I am so sorry for your loss of Dusty. I am sure he is at The Bridge with all our golden family members waiting for you.


----------



## goldenluver (Feb 26, 2007)

So sorry for your loss. R.I.P sweet boy


----------



## 3SweetGoldens (Feb 28, 2007)

My heart goes out to you, in your loss of Dusty. I am so sorry. It was so wonderful to read the love you both shared....what a lucky guy he was, to be so completely loved. You are in my prayers....rest in peace sweet Dusty.


----------



## jealous1 (Dec 7, 2007)

So sorry to hear of Dusty's passing--he sounds like he was such a wonderful dog! May you find peace in your memories of him.


----------



## sharlin (Feb 26, 2007)

My deepest condolences, Dusty will sit on your shoulder and watch out over you daily.


----------



## Finn's Fan (Dec 22, 2007)

It sounds like your last evening filled your heart in more ways than one, a good thing for memories. I'm so sorry your Dusty lost the battle, but he's snuggled in your heart, right where he should be. And yes, the silence is deafening when their physical bodies have left.....I'm sorry.


----------



## maryjean (Jul 13, 2005)

I'm so sorry for your loss. hugs


----------



## Jackson'sMom (Oct 13, 2007)

I'm so sorry your beloved Dusty had to say goodbye. These pups leave such a void in our hearts when they leave, but a part of them will always be with us. Godspeed, dear Dusty.


----------



## LibertyME (Jan 6, 2007)

Im so sorry for your loss...clearly a well-loved dog....


----------



## Ljilly28 (Jan 22, 2008)

Nice to think of a fine old golden in the midst of a loving circle like that. I am so very sorry for your loss of Dusty.


----------



## T&T (Feb 28, 2008)

So Sorry
Dusty Will Be Forever Grateful For Your Love


----------



## Montesmom (Jun 9, 2008)

My deepest sympathy.
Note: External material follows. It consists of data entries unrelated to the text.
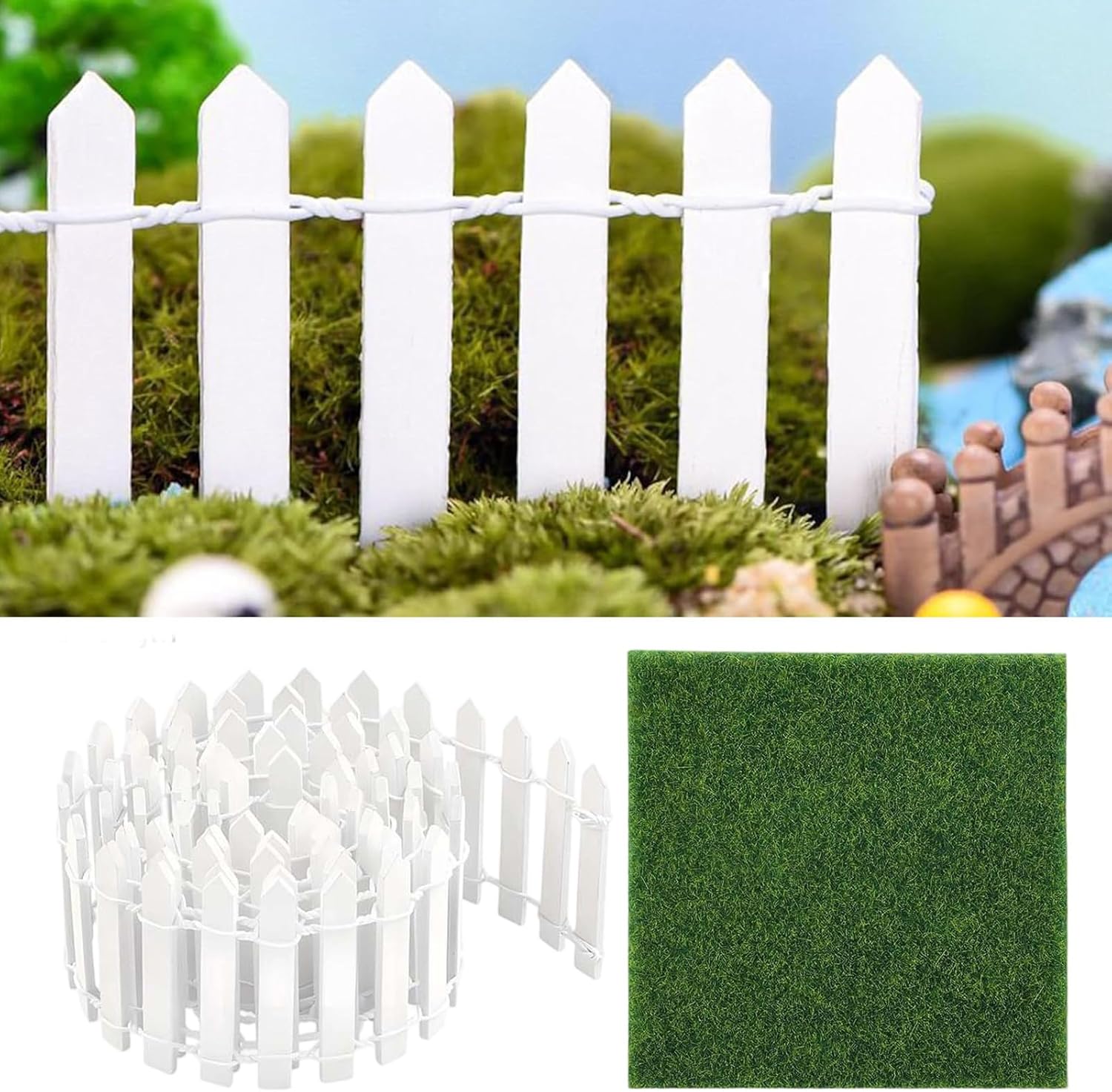 Divisorio creativo: migliora le aree del giardino o del soggiorno con questo giardino fatato che funge da separatore di piante e decora. Ideale come accessorio da giardino fatato per una decorazione flessibile multiuso in diversi scenari. Qualità durevole: realizzato con materiali resistenti e ad alta resistenza, questo giardino fatato garantisce una stabilità duratura per applicazioni interne ed esterne e garantisce una sicurezza duratura per tutto il periodo di utilizzo Montaggio pratico: il set di erba già tagliato con recinzioni abbinate consente di trasformare facilmente qualsiasi area in un incantevole giardino in miniatura con effetto immediato Struttura robusta: grazie al legno flessibile assicura contorni anche insoliti con facilità, offre stabilità e una superficie durevole per resistere alle sollecitazioni quotidiane nelle scene da giardino senza rompersi Incantevole accento da giardino: aggiungete un tocco decorativo al vostro giardino con questo splendido paesaggio in miniatura. Realizzato per la casa delle bambole o per l'uso all'aperto e convince per il suo design ispirato alle fiabe che dona fascino naturale e atmosfera magica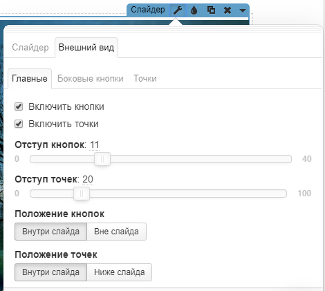В главных настройках возможно отключить кнопки и точки, изменить их положение, отрегулировать отступ от слайдера или внутри слайдера (в зависимости от положения элемента).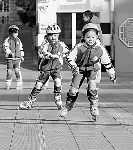 “首先得学会保护自己,不怕跌倒,才能勇敢地向前滑行。”校长曾品祥介绍,学校利用体育课为一年级全部学生普及冰雪运动课程——春季学期学轮滑,秋季学期上冰面,每周按时开展。
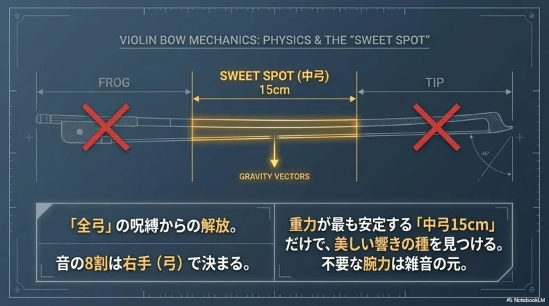 初心者は教本通りに「弓の端から端まで目一杯使って弾く(全弓)」ことに固執しがちですが、これは技術的に極めて高度な動きです。弓の元(手元)は重く、先(先端)は軽い。この重量変化を腕の重さで補正し続けるのは至難の業です。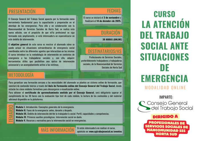 En colaboración con la Coordinación de los Servicios Sociales de la Mancomunidad de Horta Sud, se realiza esta nueva edición del curso en modalidad online “Capacitación y supervisión de las profesionales de Servicios Sociales y otras entidades en intervención en Emergencias Sociales”, con el propósito de que el/la profesional se siga formando más ampliamente, si está interesado/a en especializarse en este ámbito de intervención.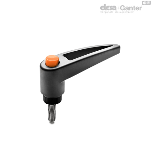 Glass-fibre reinforced technopolymer clamping element with retaining pin, black colour, with knurling on the protruding part to make initial tightening easier. AISI 302 stainless steel return spring.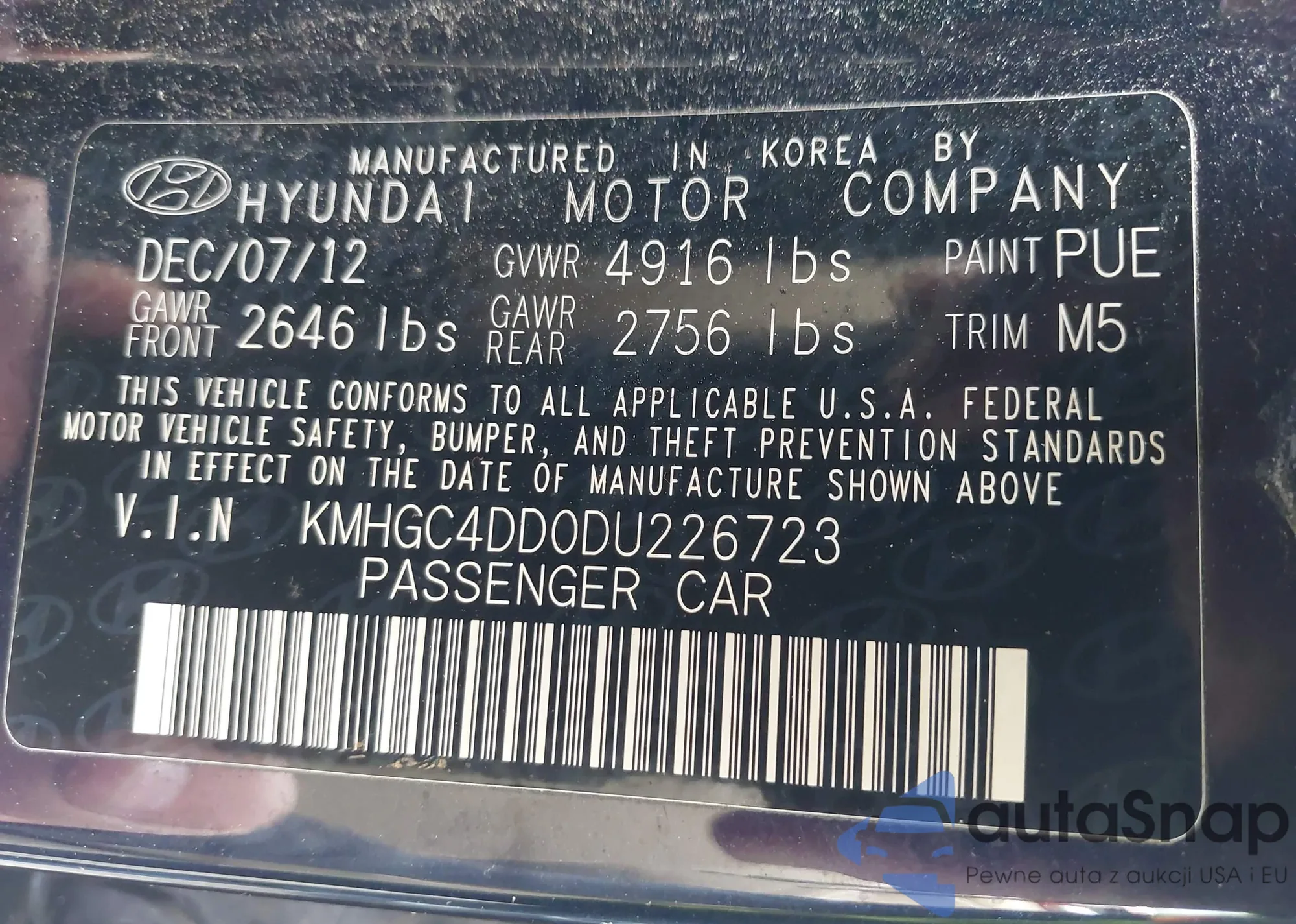 LOT: 40893213 VIN: KMHGC4DD0DU226723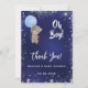 Un arrière - plan bleu marine. La couleur bleue est inégale. Un ours en peluche tenant un ballon bleu et une parties scintillant en faux argent. Personnalisez et ajoutez le ou les nom(s) et une date à l'avant. Le nom et le texte : Oh Boy! sont écrits avec un script de style écrit main Retour : Merci note et nom(s)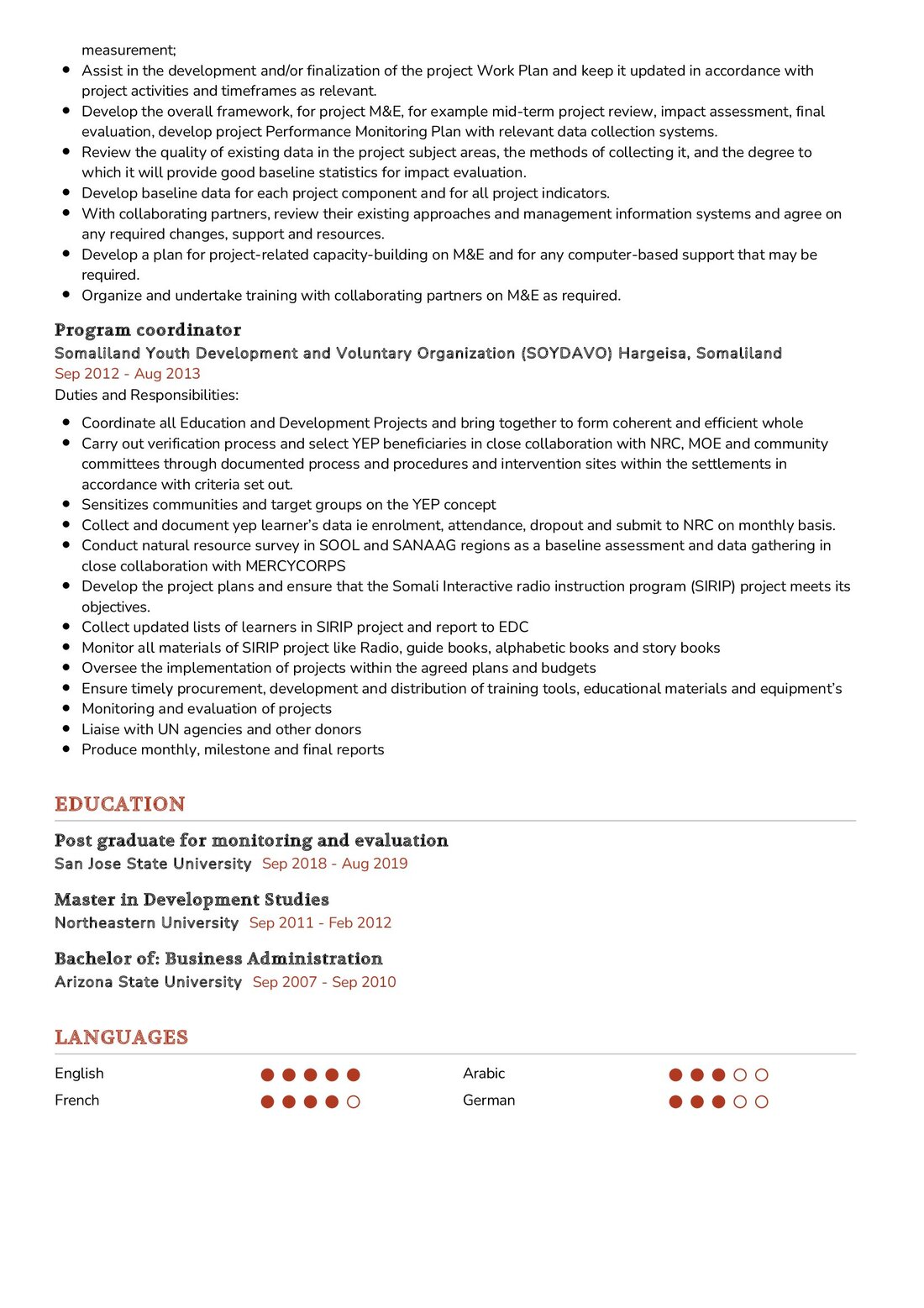 - Highlight your leadership roles in MEAL, showcasing instances where you have led teams to enhance program effectiveness.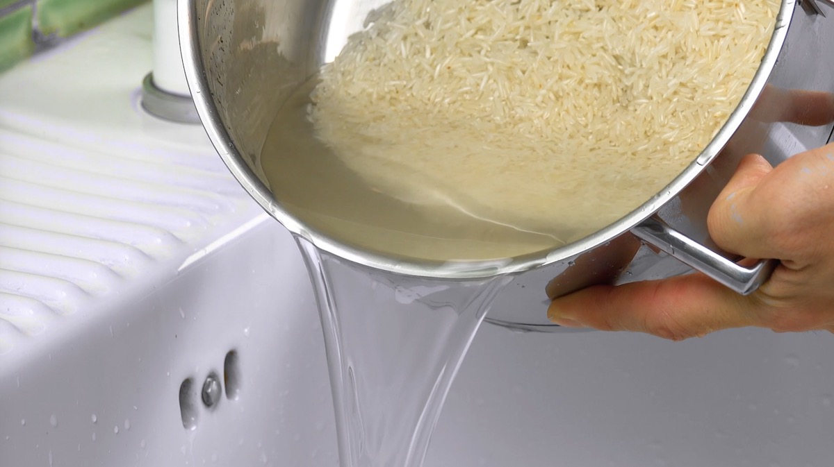 Nachdem nun das Grundlegende geklärt ist, kann es losgehen. Wir zeigen dir, wie man Schritt für Schritt den perfekten Reis zubereitet: 1.) Als Erstes sollte der Reis mit kaltem Wasser gewaschen werden. Warum? Um überschüssige Stärke zu entfernen. Du kannst dazu ein Sieb benutzen oder, falls du keines hast: Gib Wasser und Reis einfach in einen Topf und gieße das Wasser vorsichtig wieder ab. Wiederhole das so lange, bis das Wasser klar ist.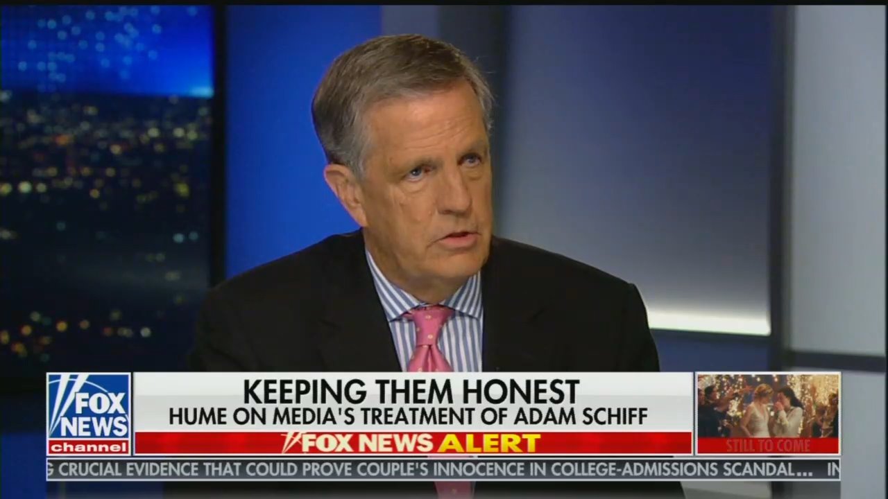 John Sexton at Hot Air pointed out that Fox's Brit Hume ripped into the media on Monday's Fox News at Night for its willingness to promote Adam Schiff no matter how preposterous his statements are. "One of the wonders, to me, of modern media is the failure of my colleagues in this business to see through this guy Schiff."
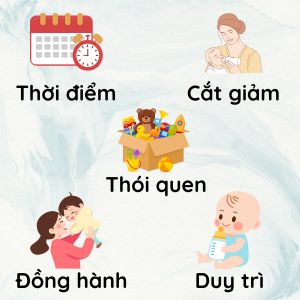Đồng hành cảm xúc: Luôn ở bên bé, trò chuyện, vỗ về nếu con khóc. Bé cần được hiểu rằng mẹ vẫn yêu thương dù không còn bú.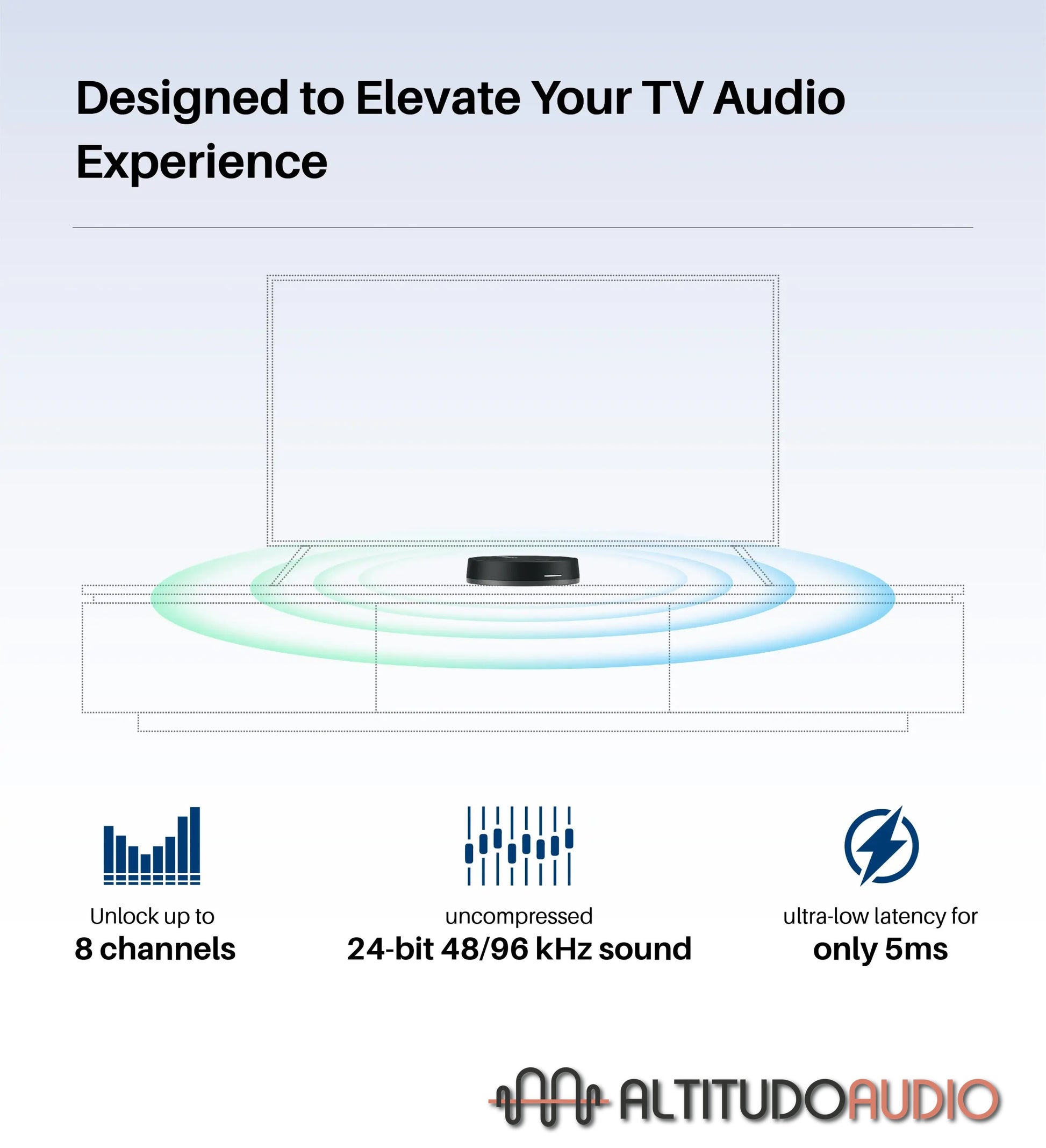 - Small size - hides behind TV. Convert your TVās audio signal into ultra high-quality sound and transmit it to WiSA-certified speakers with picture-perfect synchronization.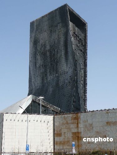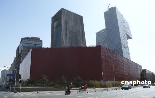 2009年3月13日,經(jīng)過半個多月的施工,北京央視新樓北配樓火災(zāi)現(xiàn)場旁的廣告牌搭建完畢,廣告牌已將央視北配樓部分樓體遮擋起來。中新社發(fā) 玉龍 攝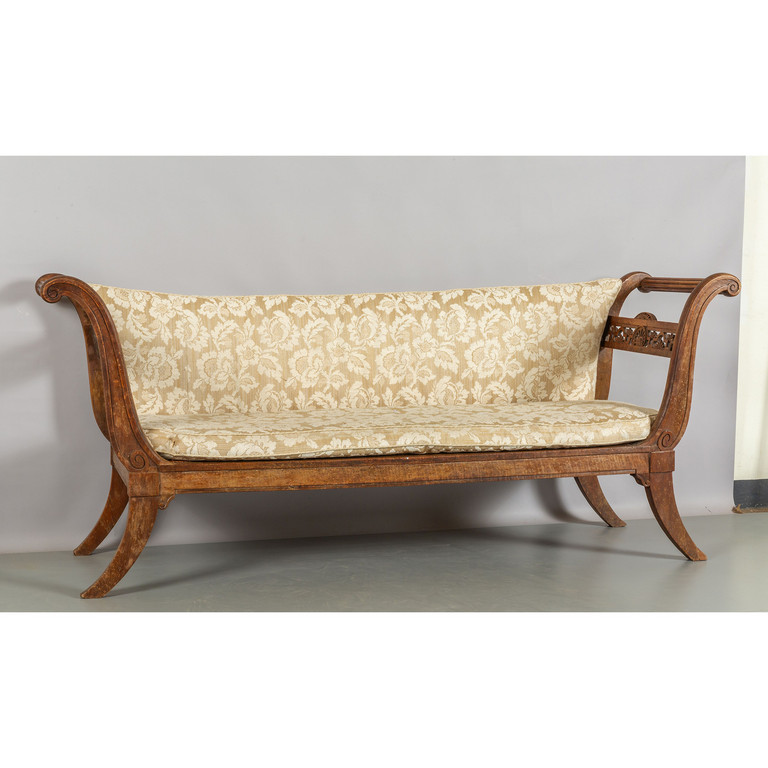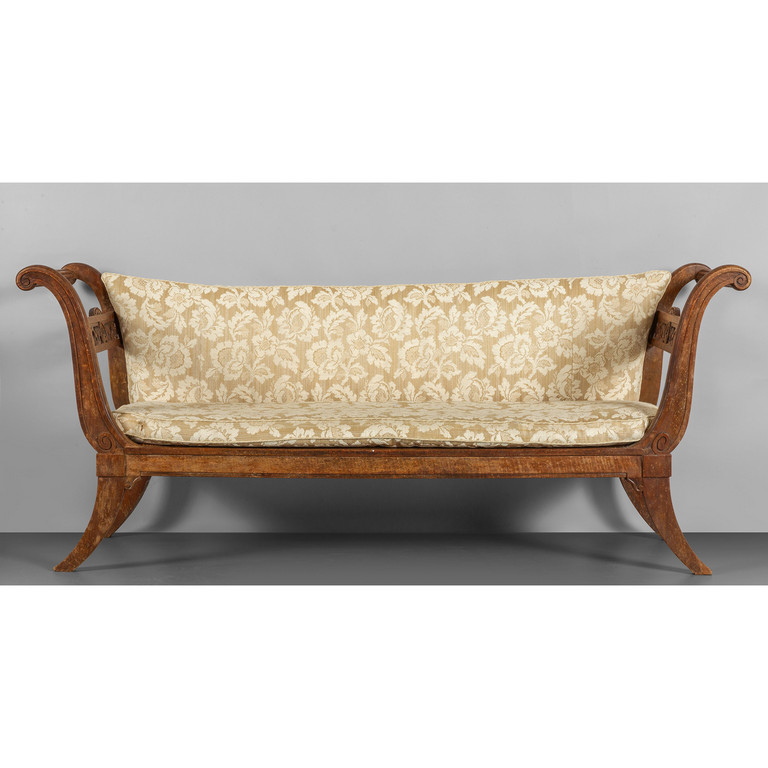 Divanetto Carlo X in noce gambe a sciabola Genova I metà sec.XIX

I hope that your treasured memories bring the same comfort Dusty brought you.


----------



## arcane (Sep 18, 2007)

Godspeed Dusty...sincere condolences on the loss of your beloved boy


----------



## BillGunnerandGeorge (Aug 28, 2008)

It was nice to hear that story. Thanks for sharing it.Sorry that you lost Dusty


----------



## Heidi36oh (Feb 27, 2007)

So sorry for you're loss of Dusty, RIP sweet boy!


----------



## lalala (May 3, 2008)

My deepest sympathy for the loss of your beloved Dusty. He is playing and running through meadows at the bridge...I told my Cody to be his guide for Dusty. He was lucky to have a mom like you. I hope you'll find peace in memories of him.


----------



## Merlins mom (Jun 20, 2007)

I'm very sorry for your loss. Rest in peace Dusty.


----------



## BeauShel (May 20, 2007)

Run free sweet Dusty. I am so sorry you lost him but I hope you will remember the happy times and not the last day. He sounds like he was a wonderful loving guy.


----------



## 3 goldens (Sep 30, 2005)

*i Am So Sorry. I Lost My 12 1/2 Year Ols Irish Setter To Bon Cancer On July 9, L997. I Know What Wou Went Thru. We Had Him Exactly 10 Weeks To The After Diagnosis And Made The Most Of Those Weeksw Before We Had To Let Him Go.*


----------



## gold4me (Mar 12, 2006)

I am so sorry about Dusty. He is now with all of our precious goldens at the Bridge.


----------



## goldensmum (Oct 23, 2007)

So sad to read that you have lost your precious boy - it is always hard and hurts like hell, no matter what their age or state of health.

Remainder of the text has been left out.